* EXERCISE OBJECTIVE: Set down every record below exactly as it stands, leaving out the pictures.

[Data records]
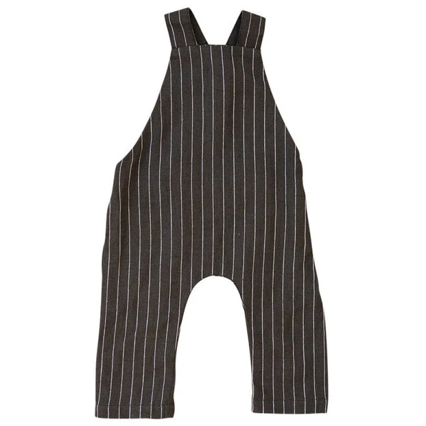 Cute and comfortable linen cotton overalls done up with wood buttons in the back. They have an extra button hole for longer wear!
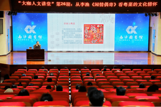 2月26日下午,由广州市南沙区文化广电旅游体育局主办、南沙区图书馆与广州岭南文化研究会承办的第26期“大咖人文讲堂”——《从李渔《闲情偶寄》看粤菜的文化情怀》活动如期开讲,现场约200名读者参与了讲座活动。
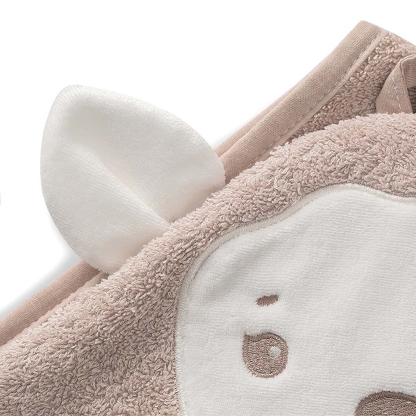 Мягкое натуральное полотенце Muzzle превратит купание в увлекательную игру. Капюшон с милой мордашкой с объемными ушами — одновременно практичная и милая деталь, поднимающая настроение.
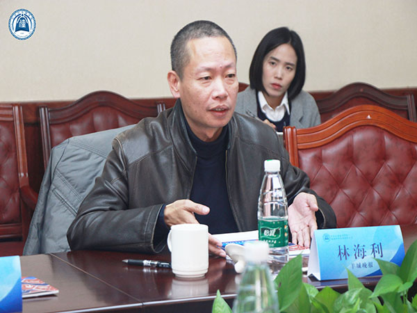 羊城晚报社总编辑林海利对于我院“一专多能”的人才培养方向给予高度评价。对于媒体该发展什么,怎么发展问题,林总编以《羊城晚报》为例,指出两个转变:一是注重新闻传播,将报纸逐渐向新媒体方向转变;二是注重文化产业,打造自身文化品牌,建立羊城创意产业园。林总编指出,注重学生文化营销策划能力和广告宣传能力的培养将有助于我院新闻学专业的人才培养与建设。
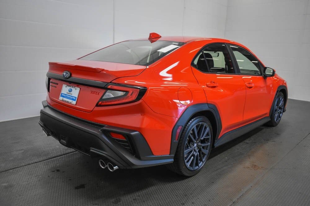 This WRX is well equipped with harman kardon & Moonroof (harman/kardon Speaker System and Power Tilt Up Moonroof), 4-Wheel Disc Brakes, 6 Speakers, ABS brakes, Air Conditioning, Alloy wheels, AM/FM radio: SiriusXM, Auto High-beam Headlights, Auto-Dimming Exterior Mirror w/Approach Light, Auto-Dimming Mirror w/Compass & HomeLink, Automatic temperature control, Brake assist, Bumpers: body-color, Driver door bin, Driver vanity mirror, Dual front impact airbags, Dual front side impact airbags, Electronic Stability Control, Exterior Parking Camera Rear, Four wheel independent suspension, Front anti-roll bar, Front Bucket Seats, Front Center Armrest, Front dual zone A/C, Front fog lights, Front reading lights, Fully automatic headlights, Heated door mirrors, Heated front seats, Illuminated entry, Knee airbag, Leather Shift Knob, Leather steering wheel, LED Upgrade, Low tire pressure warning, Occupant sensing airbag, Outside temperature display, Overhead airbag, Overhead console, Panic alarm, Passenger door bin, Passenger vanity mirror, Performance Design Heated Front Bucket Seats, Power door mirrors, Power steering, Power windows, Premium Cloth Upholstery w/Red Stitching, Radio data system, Rear anti-roll bar, Rear seat center armrest, Rear window defroster, Remote keyless entry, Security system, Speed control, Speed-sensing steering, Split folding rear seat, Spoiler, Sport steering wheel, Steering wheel mounted audio controls, Tachometer, Telescoping steering wheel, Tilt steering wheel, Traction control, Trip computer, USB Charging Cable Set, Variably intermittent wipers, and Wheels: 18" x 8.5" Dark Gray Finish Alum Alloy.

* FINAL ANSWER:
 Cute and comfortable linen cotton overalls done up with wood buttons in the back. They have an extra button hole for longer wear!
 2月26日下午,由广州市南沙区文化广电旅游体育局主办、南沙区图书馆与广州岭南文化研究会承办的第26期“大咖人文讲堂”——《从李渔《闲情偶寄》看粤菜的文化情怀》活动如期开讲,现场约200名读者参与了讲座活动。
 Мягкое натуральное полотенце Muzzle превратит купание в увлекательную игру. Капюшон с милой мордашкой с объемными ушами — одновременно практичная и милая деталь, поднимающая настроение.
 羊城晚报社总编辑林海利对于我院“一专多能”的人才培养方向给予高度评价。对于媒体该发展什么,怎么发展问题,林总编以《羊城晚报》为例,指出两个转变:一是注重新闻传播,将报纸逐渐向新媒体方向转变;二是注重文化产业,打造自身文化品牌,建立羊城创意产业园。林总编指出,注重学生文化营销策划能力和广告宣传能力的培养将有助于我院新闻学专业的人才培养与建设。
 This WRX is well equipped with harman kardon & Moonroof (harman/kardon Speaker System and Power Tilt Up Moonroof), 4-Wheel Disc Brakes, 6 Speakers, ABS brakes, Air Conditioning, Alloy wheels, AM/FM radio: SiriusXM, Auto High-beam Headlights, Auto-Dimming Exterior Mirror w/Approach Light, Auto-Dimming Mirror w/Compass & HomeLink, Automatic temperature control, Brake assist, Bumpers: body-color, Driver door bin, Driver vanity mirror, Dual front impact airbags, Dual front side impact airbags, Electronic Stability Control, Exterior Parking Camera Rear, Four wheel independent suspension, Front anti-roll bar, Front Bucket Seats, Front Center Armrest, Front dual zone A/C, Front fog lights, Front reading lights, Fully automatic headlights, Heated door mirrors, Heated front seats, Illuminated entry, Knee airbag, Leather Shift Knob, Leather steering wheel, LED Upgrade, Low tire pressure warning, Occupant sensing airbag, Outside temperature display, Overhead airbag, Overhead console, Panic alarm, Passenger door bin, Passenger vanity mirror, Performance Design Heated Front Bucket Seats, Power door mirrors, Power steering, Power windows, Premium Cloth Upholstery w/Red Stitching, Radio data system, Rear anti-roll bar, Rear seat center armrest, Rear window defroster, Remote keyless entry, Security system, Speed control, Speed-sensing steering, Split folding rear seat, Spoiler, Sport steering wheel, Steering wheel mounted audio controls, Tachometer, Telescoping steering wheel, Tilt steering wheel, Traction control, Trip computer, USB Charging Cable Set, Variably intermittent wipers, and Wheels: 18" x 8.5" Dark Gray Finish Alum Alloy.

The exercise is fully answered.